Я их не знаю, а Габриель моя родственница и мой друг…
Но мои губы выталкивают совсем другие слова:
— Она узнает об этом, и нашей дружбе конец придет…
— Повелитель, она ни о чем не узнает! — Габриель (нет, сильфида!) ладонями приподняла груди. — Я хороша? Вы готовы отказаться от меня?
Прохладные руки коснулись моей правой ноги.
Дева реки внимательно слушала нас и теперь решила вмешаться.
— Не слушайте их, повелитель, сознание Габриель не уснуло, она все слышит, но не может вмешаться. Мерзко так шутить с повелителем!
— Молчи, ледышка, или я расскажу о том кто ты!
— Я выцарапаю твои наглые глаза!
— Наглая рыбья морда!
У моих ног началась обычная свара двух женщин. С угрозами, взаимными упреками и визгом!
— Замолкните!
Спорщицы замолчали и смотрели на меня снизу вверх, пылая злобой друг к другу. От этого их лица приобрели неземную красоту — кожа лица разгладилась, глаза увеличились, брови вразлет, соблазнительно алеют полные губы!
— Поцелуйтесь и помиритесь. Или я вас накажу…
Красавицы скривились как от кислого и у моих ног нехотя соприкоснулись губами.
Началось шествие участников весеннего бала. Они проходили передо мной по одному или парами, кланялись и называли свои имена.

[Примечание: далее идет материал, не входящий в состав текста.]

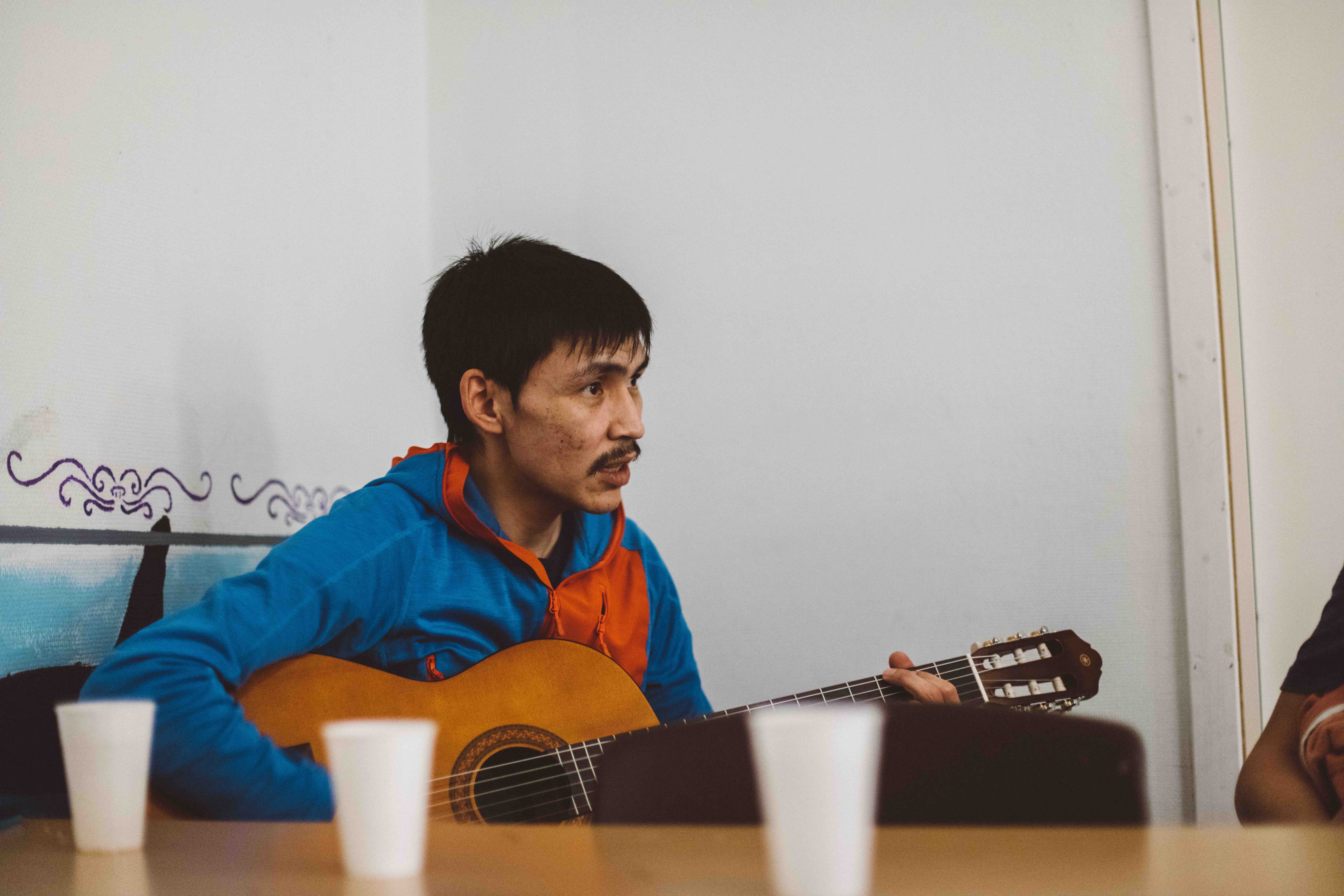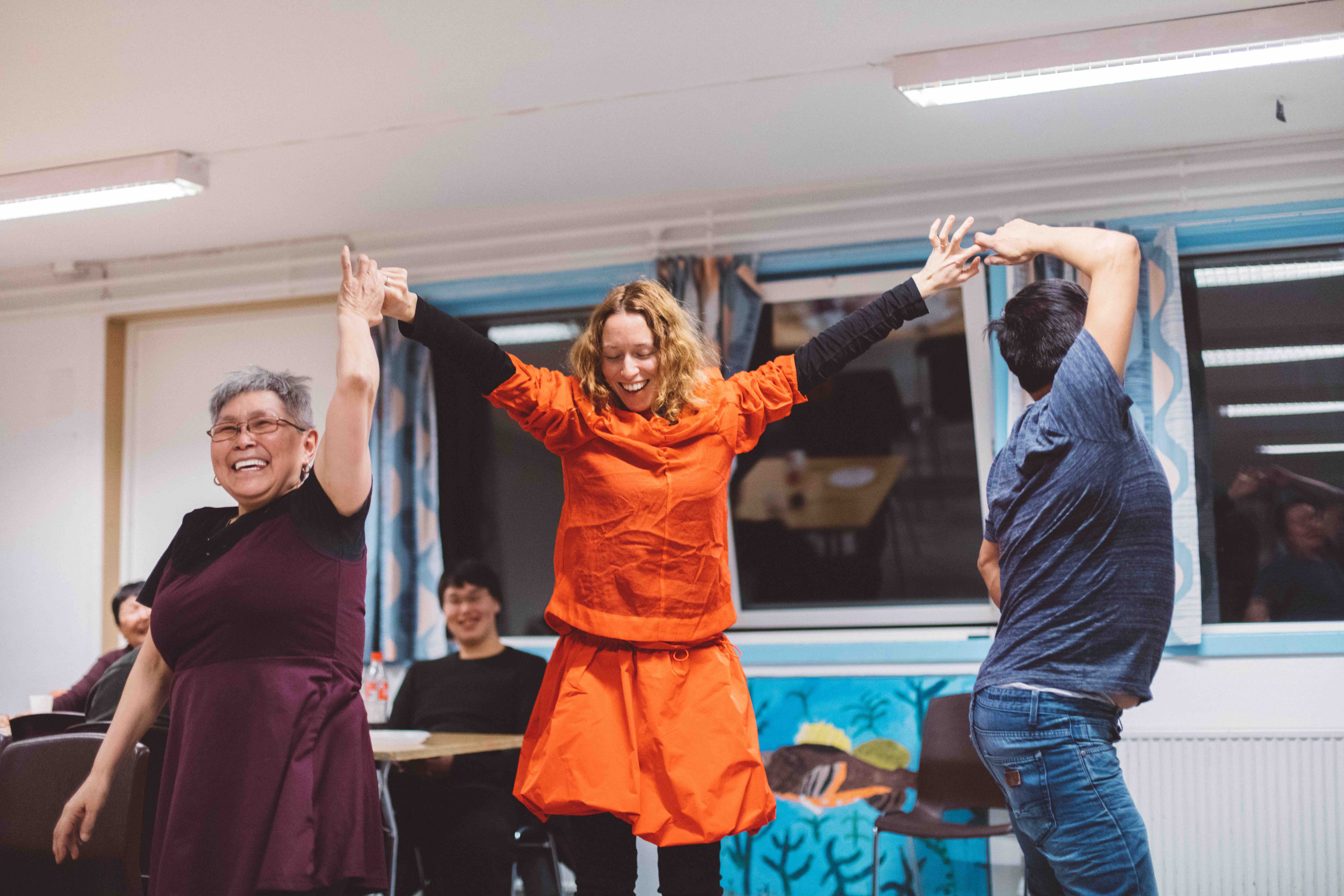 Présentations d’usage (qui nous sommes, pourquoi nous sommes ici), repas, puis tango Oïjha/Arnaud, accompagné de Ilit/Pitaraq (faisant les pitres), puis autres danses à deux, dirigées par Oïjha, couples franco/groenlandais, chants (l’hymne d’Akunnaaq entre autre et l’histoire d’un merle que l’on mange par petits bouts – A merula !-), concours de rapidité pour manger les amassat, (Aurélie a battu l’oncle de Jens Pitaa, pourtant très entraîné ! Mais Aurélie a horreur de perdre nous a-t-elle dit la bouche encore pleine !)
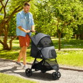 Puteți folosi acest cărucior confortabil pentru câini pentru plimbări în oraș sau în parc, în orice vreme, datorită impermeabilului. O plimbare plăcută este asigurată de roata față dublă pivotantă și roțile spate fixe, care pot fi fixate cu două frâne cu amortizoare.
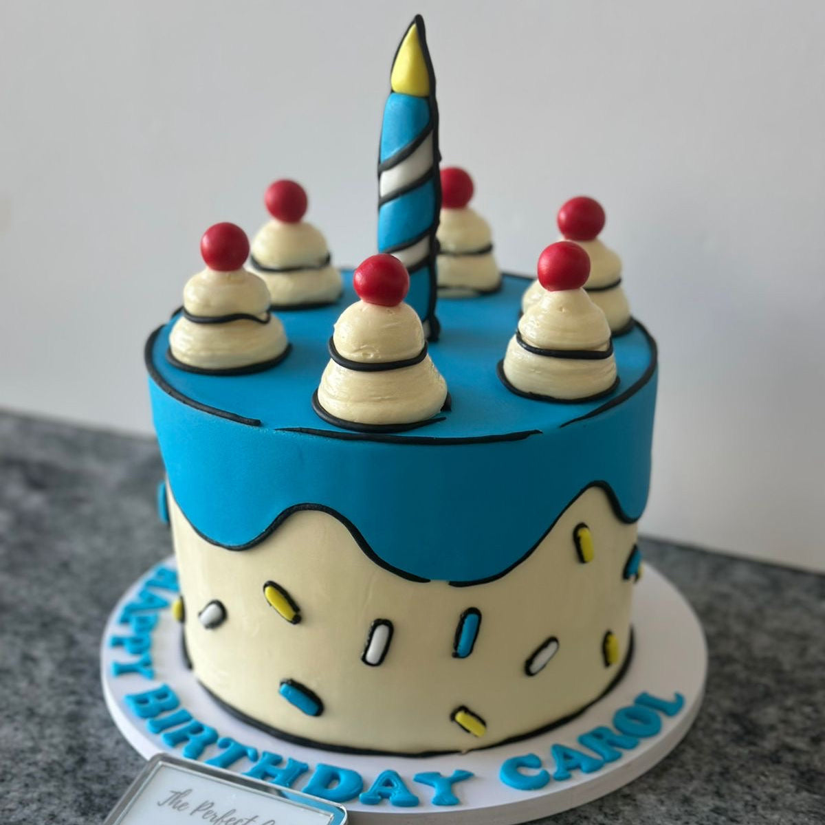 Delight their eyes and taste buds with this fun cartoon cake! This gorgeous cake features pink icing with cherries and candle with a sponge cake in either vanilla, chocolate or red velvet (you choose the flavor and the filling!)
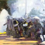 Questa mostra è per Mario Ferrante un ritorno alle origini della sua carriera. Prima tra tutte le gallerie che ne hanno successivamente seguito il lavoro in Italia e all’estero, la galleria Edarcom Europa ne comincia a trattare le opere a metà degli anni ‘90 del secolo scorso, curandone successivamente alcune tra le mostre più significative. Nel titolo Dies irae, carico di una forte valenza drammatica, c’è tutto il mondo pittorico di un artista italiano che affonda le sue radici in un’infanzia vissuta tra le contraddizioni e i ritmi del lontano Brasile. E così, in questo momento storico segnato dallo sconquasso delle relazioni sociali e affettive e dall’emersione di solitudini e egoismi, Mario Ferrante dipinge l’uomo contemporaneo in un incessante ricerca di stabili appigli. Alla materia cardine della sua ricerca pittorica come le notti dei giovani, i vicoli e le anime delle favelas brasiliane, le prove d’orchestra, gli interni dei caffè e gli altri “luoghi del tempo”, Ferrante aggiunge alcuni lavori frutto della recente riflessione globale sui temi dell’ambiente e dei diritti.
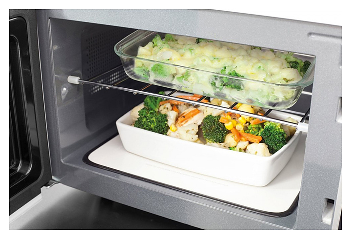 Микроволновая печь с грилем CASO BMG 20 Ceramic Electronic предназначена для разогрева, размораживания и приготовления продуктов в частных домах, квартирах, отелях и офисах. Модель оснащена цифровым дисплеем и грилем. Корпус выполнен из нержавеющей стали, передняя панель - из стекла, дно - из керамики. В комплект поставки входит решетка-подставка для гриля. Режимы работы:
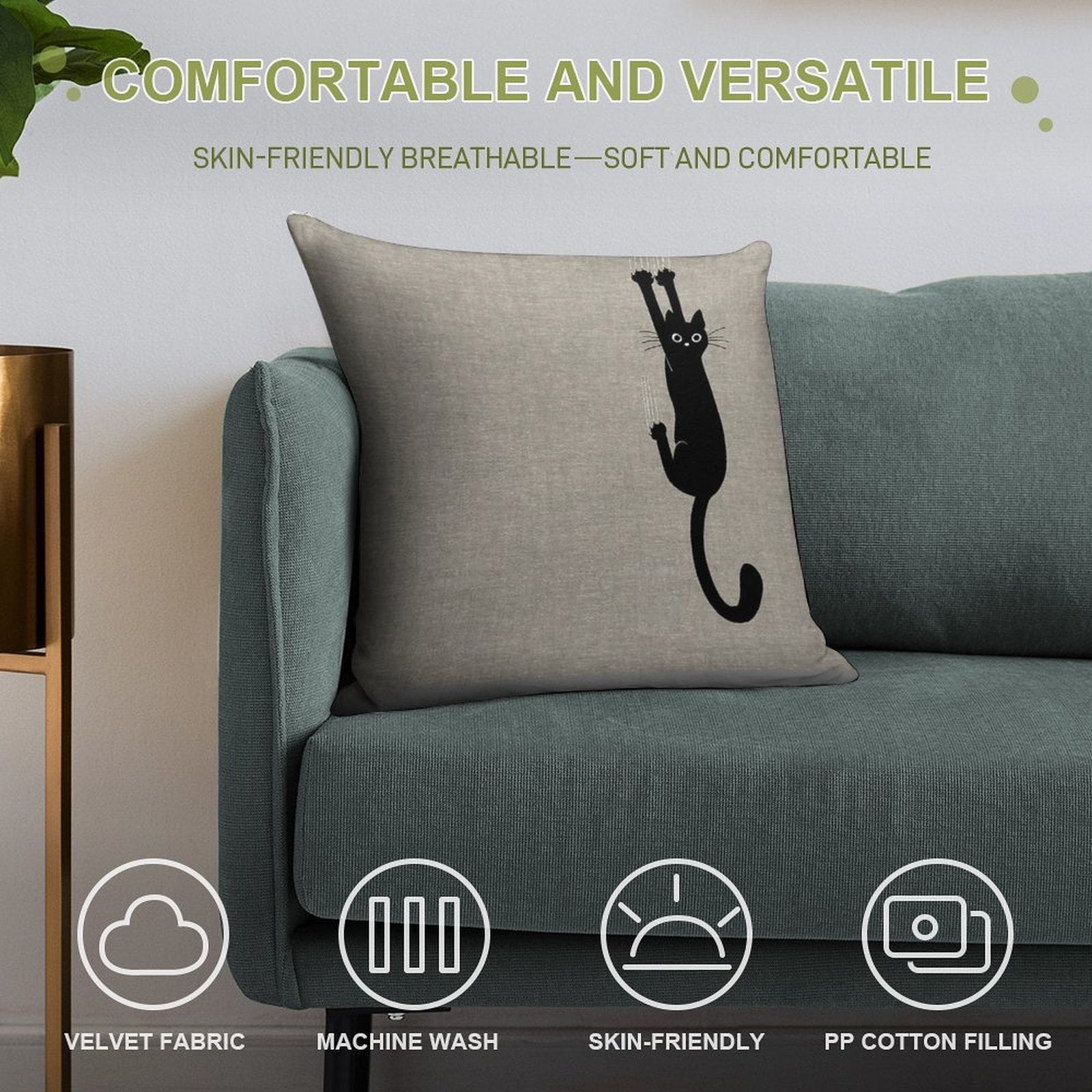 ✔️ Fits Any Style – Neutral tones and plush texture suit all Black Cat Holding On decors.

Духи всего королевства шли мимо меня. Хватит ли ночи, чтобы все представились?
— Времени хватит, повелитель — шепнула догадливая Шелл, — Здесь на Лысой горе в эту ночь время замедлилось. Сегодня ночью все успеют сделать то что захотят…
«Счастливые… А чего хочу я?»
Наконец‑то длинная цепочка обнаженных тел иссякла. Но духи не спешили к кострам, они ждали.
— Повелитель, пора объявлять танцы… — зашептала Шелл.
— Что следует сказать?
— Что хотите.
Я поднялся на ноги. Свежий ветерок нес запахи далеких зацветающих лугов. Звезды с неба мигали мне наперебой.
— Друзья — танцуйте от души и веселитесь — сегодня ваша ночь!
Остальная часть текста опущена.